HOW TO COMPLETE THIS TASK: Below are records; the lines starting at the one with "守护是温情的底色,更是女子巡" and ending at the one with "Отпариватель ручной Hyundai" must be reproduced exactly, both included. Pictures must not appear.

INPUT FOR THIS TASK:

::::::::::

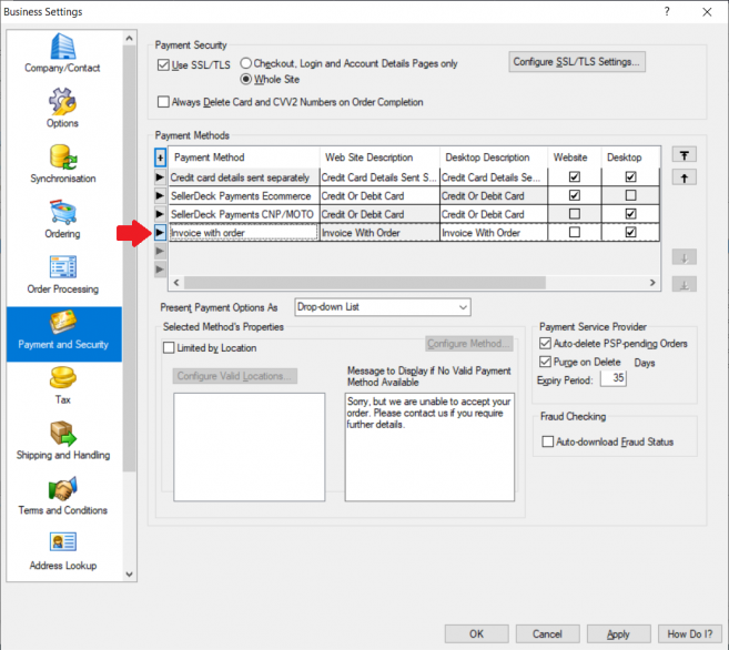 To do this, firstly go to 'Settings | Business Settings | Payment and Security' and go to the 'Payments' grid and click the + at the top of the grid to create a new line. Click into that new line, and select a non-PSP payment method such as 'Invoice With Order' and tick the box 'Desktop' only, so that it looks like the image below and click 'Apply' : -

::::::::::

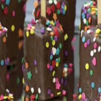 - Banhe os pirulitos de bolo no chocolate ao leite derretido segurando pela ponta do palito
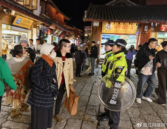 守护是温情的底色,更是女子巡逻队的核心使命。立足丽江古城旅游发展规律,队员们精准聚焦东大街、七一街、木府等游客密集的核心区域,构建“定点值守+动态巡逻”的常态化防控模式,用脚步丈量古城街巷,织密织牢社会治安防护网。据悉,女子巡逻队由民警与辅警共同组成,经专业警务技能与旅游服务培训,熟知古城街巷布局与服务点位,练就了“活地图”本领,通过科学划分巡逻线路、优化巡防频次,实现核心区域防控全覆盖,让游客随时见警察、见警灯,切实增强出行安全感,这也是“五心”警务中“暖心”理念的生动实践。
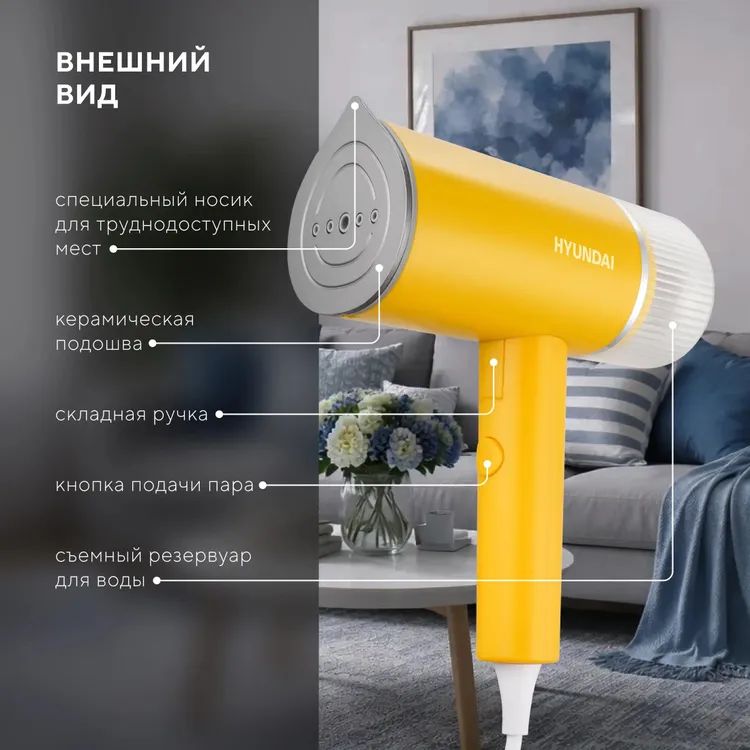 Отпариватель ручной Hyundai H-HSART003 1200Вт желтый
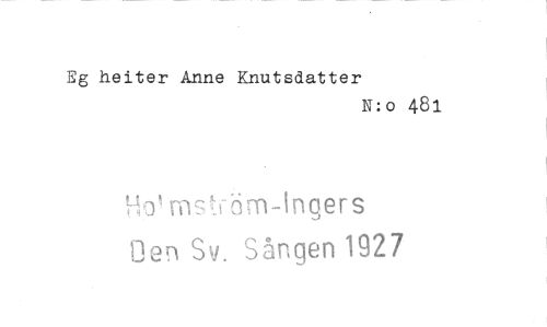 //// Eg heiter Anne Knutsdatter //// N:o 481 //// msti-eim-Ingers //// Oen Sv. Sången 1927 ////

::::::::::

RESPONSE AREA:
 守护是温情的底色,更是女子巡逻队的核心使命。立足丽江古城旅游发展规律,队员们精准聚焦东大街、七一街、木府等游客密集的核心区域,构建“定点值守+动态巡逻”的常态化防控模式,用脚步丈量古城街巷,织密织牢社会治安防护网。据悉,女子巡逻队由民警与辅警共同组成,经专业警务技能与旅游服务培训,熟知古城街巷布局与服务点位,练就了“活地图”本领,通过科学划分巡逻线路、优化巡防频次,实现核心区域防控全覆盖,让游客随时见警察、见警灯,切实增强出行安全感,这也是“五心”警务中“暖心”理念的生动实践。
 Отпариватель ручной Hyundai H-HSART003 1200Вт желтый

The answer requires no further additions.